[Start of Attachment]

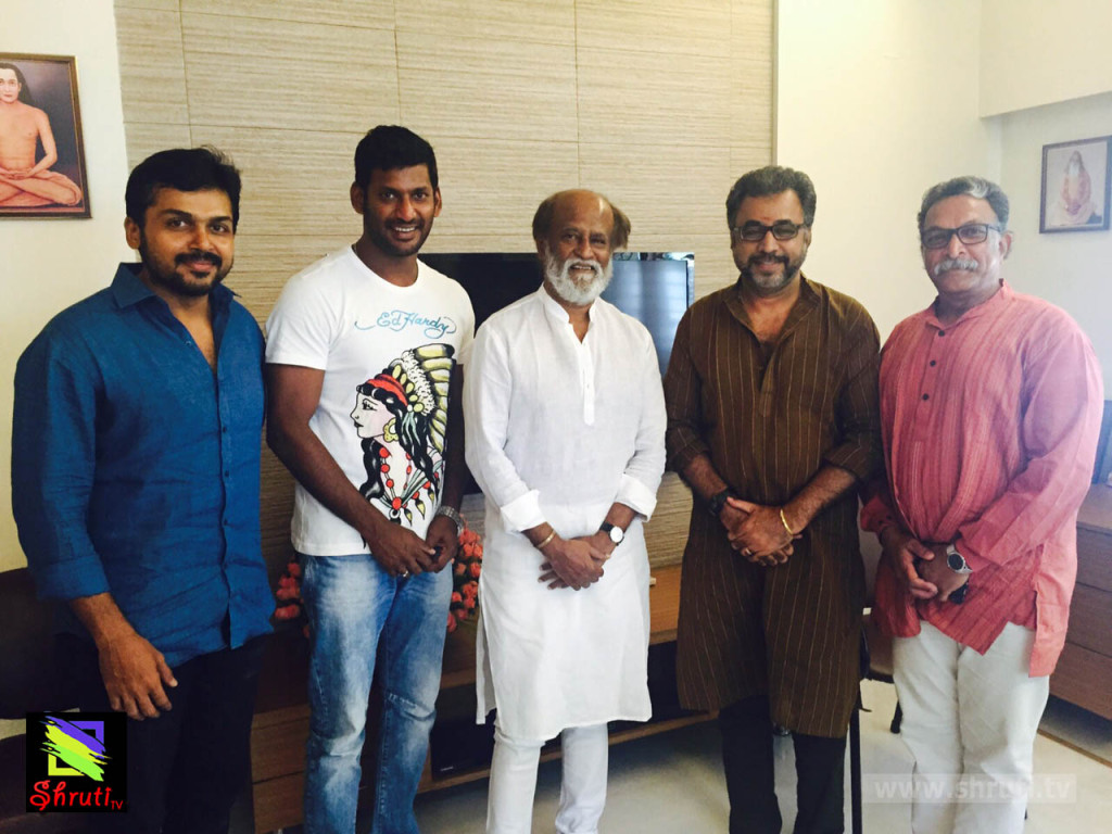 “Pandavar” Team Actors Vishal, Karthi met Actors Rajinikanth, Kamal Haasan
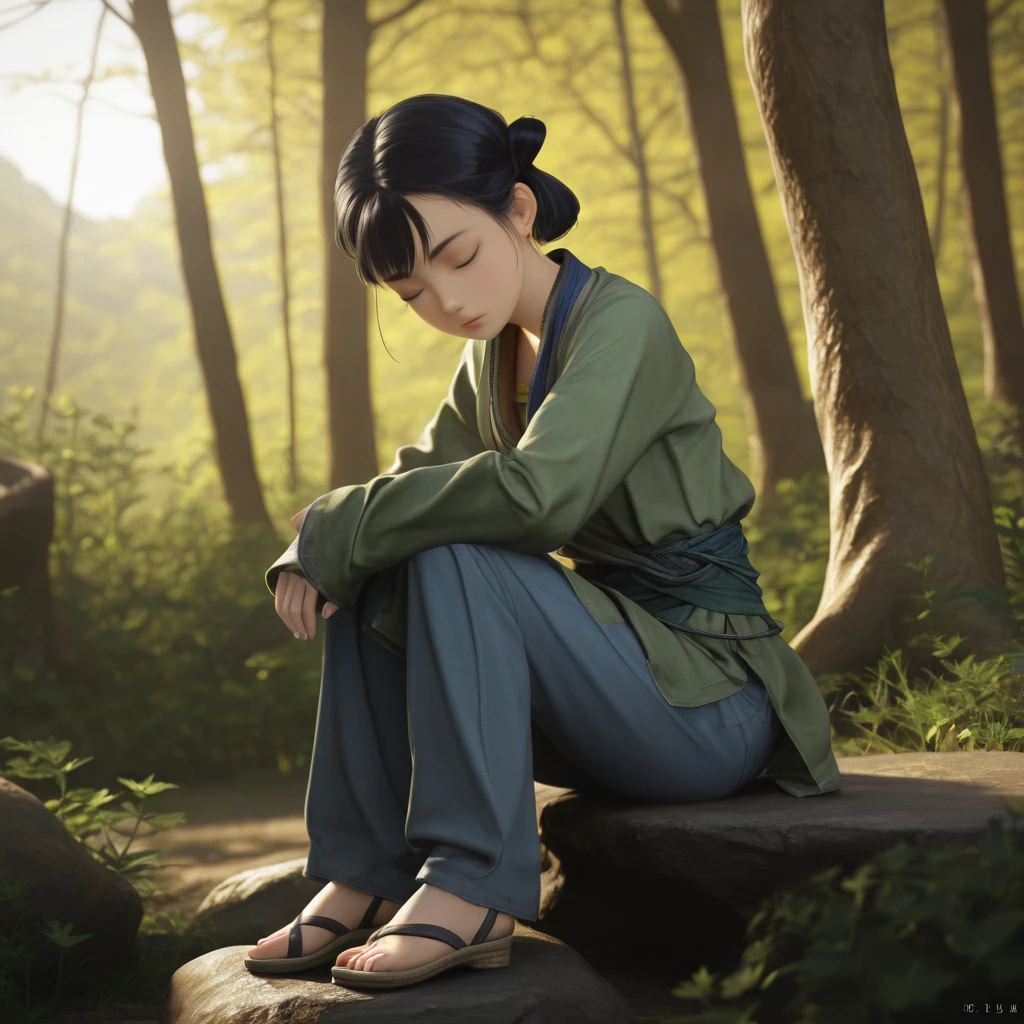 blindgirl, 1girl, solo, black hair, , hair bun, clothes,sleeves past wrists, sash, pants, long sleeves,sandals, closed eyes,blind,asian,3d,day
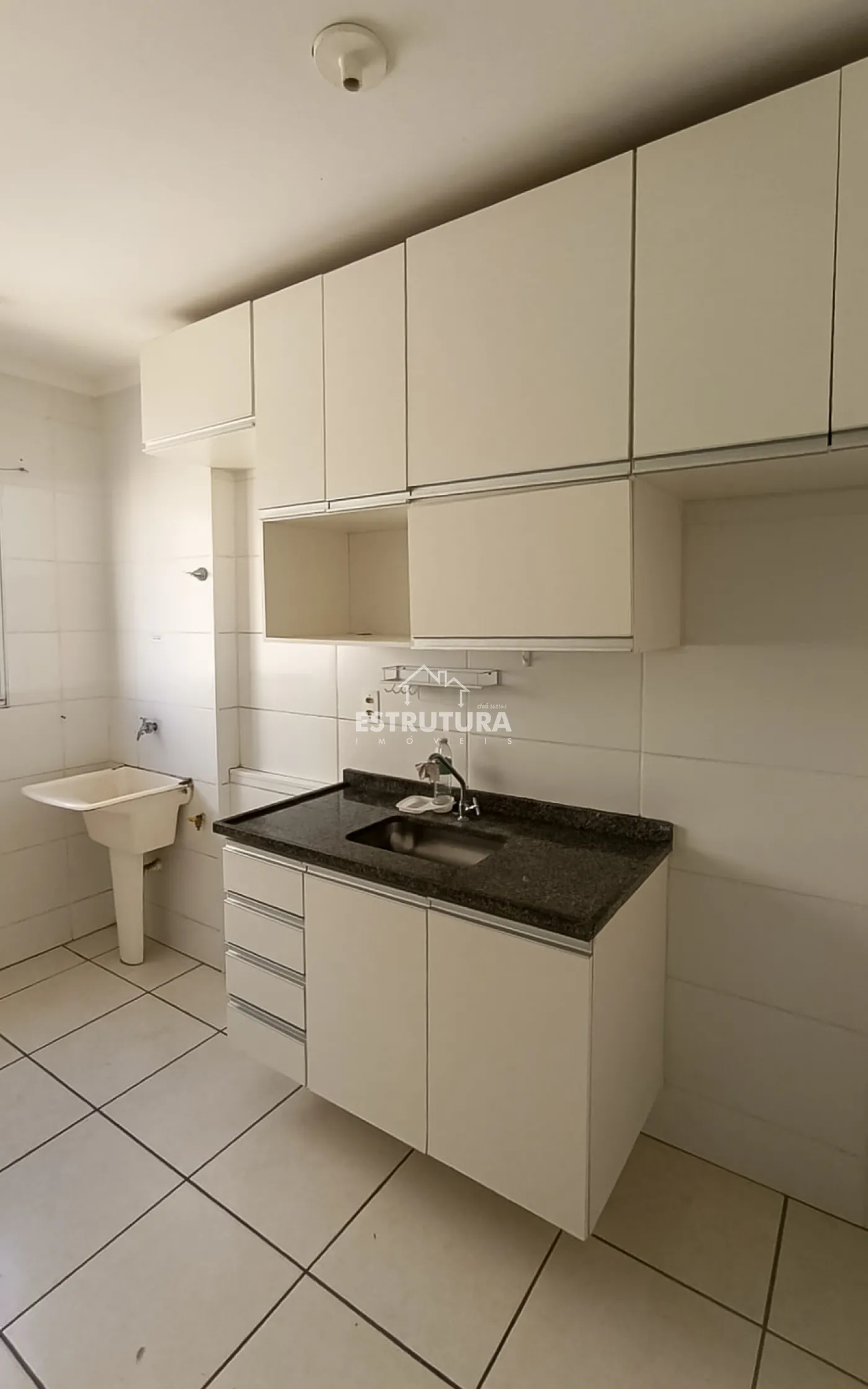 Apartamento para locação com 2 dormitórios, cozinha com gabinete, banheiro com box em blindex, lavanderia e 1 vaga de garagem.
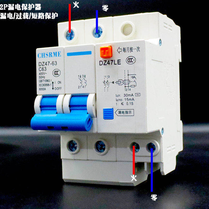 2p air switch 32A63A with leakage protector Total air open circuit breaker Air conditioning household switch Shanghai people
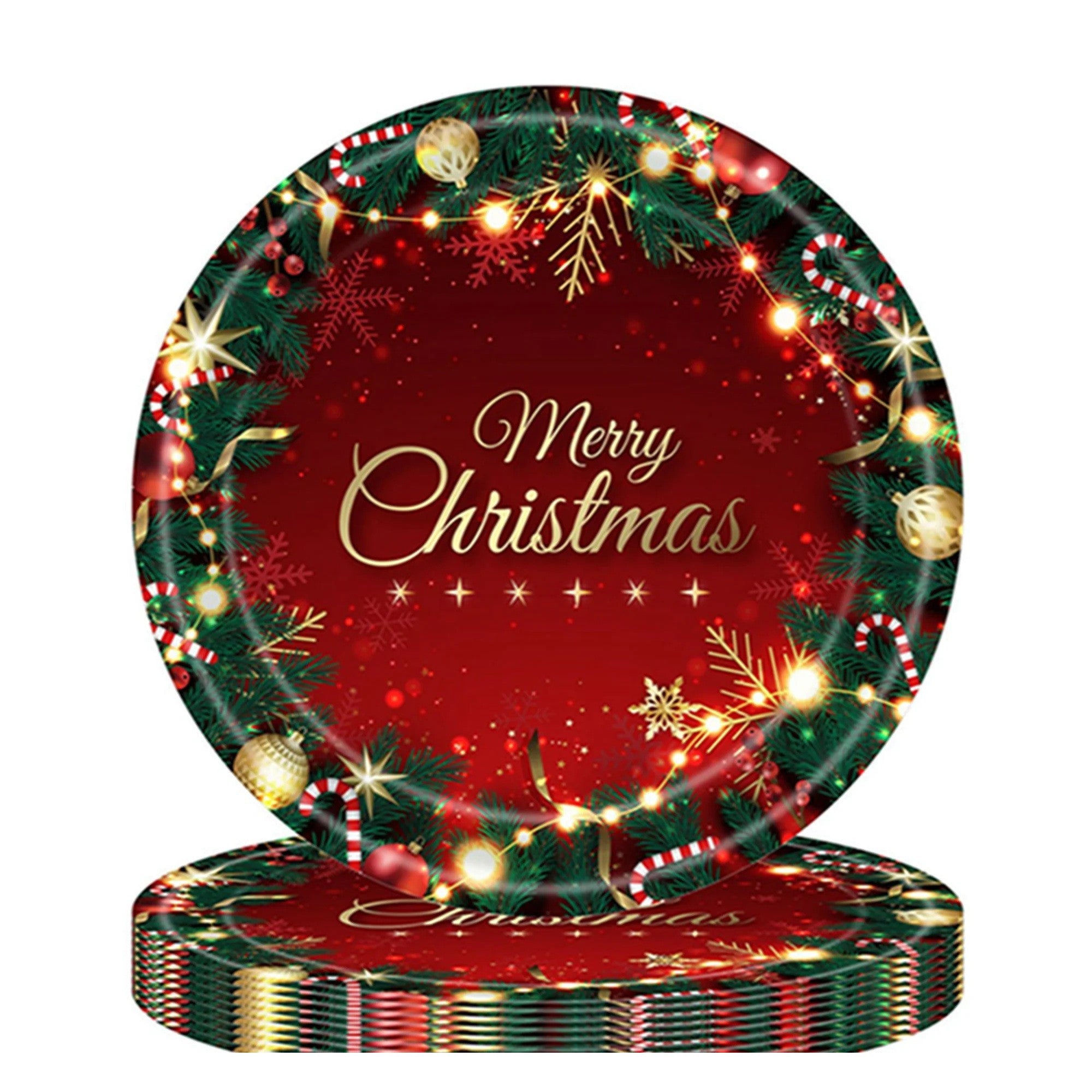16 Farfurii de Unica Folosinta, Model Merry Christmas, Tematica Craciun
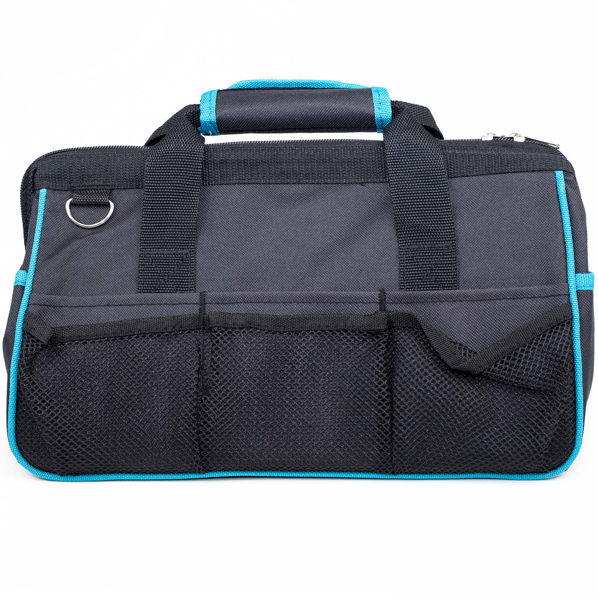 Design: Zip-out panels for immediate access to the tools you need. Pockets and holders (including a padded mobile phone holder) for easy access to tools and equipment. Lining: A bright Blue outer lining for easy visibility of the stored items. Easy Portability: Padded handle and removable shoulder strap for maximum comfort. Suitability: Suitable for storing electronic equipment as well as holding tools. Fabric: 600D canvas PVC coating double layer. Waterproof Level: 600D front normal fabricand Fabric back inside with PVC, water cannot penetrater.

[End of Attachment]

→ EXERCISE OBJECTIVE: Repeat the records above verbatim, with no pictures in the result.

→ TASK OUTPUT:
 “Pandavar” Team Actors Vishal, Karthi met Actors Rajinikanth, Kamal Haasan
 blindgirl, 1girl, solo, black hair, , hair bun, clothes,sleeves past wrists, sash, pants, long sleeves,sandals, closed eyes,blind,asian,3d,day
 Apartamento para locação com 2 dormitórios, cozinha com gabinete, banheiro com box em blindex, lavanderia e 1 vaga de garagem.
 2p air switch 32A63A with leakage protector Total air open circuit breaker Air conditioning household switch Shanghai people
16 Farfurii de Unica Folosinta, Model Merry Christmas, Tematica Craciun
 Design: Zip-out panels for immediate access to the tools you need. Pockets and holders (including a padded mobile phone holder) for easy access to tools and equipment. Lining: A bright Blue outer lining for easy visibility of the stored items. Easy Portability: Padded handle and removable shoulder strap for maximum comfort. Suitability: Suitable for storing electronic equipment as well as holding tools. Fabric: 600D canvas PVC coating double layer. Waterproof Level: 600D front normal fabricand Fabric back inside with PVC, water cannot penetrater.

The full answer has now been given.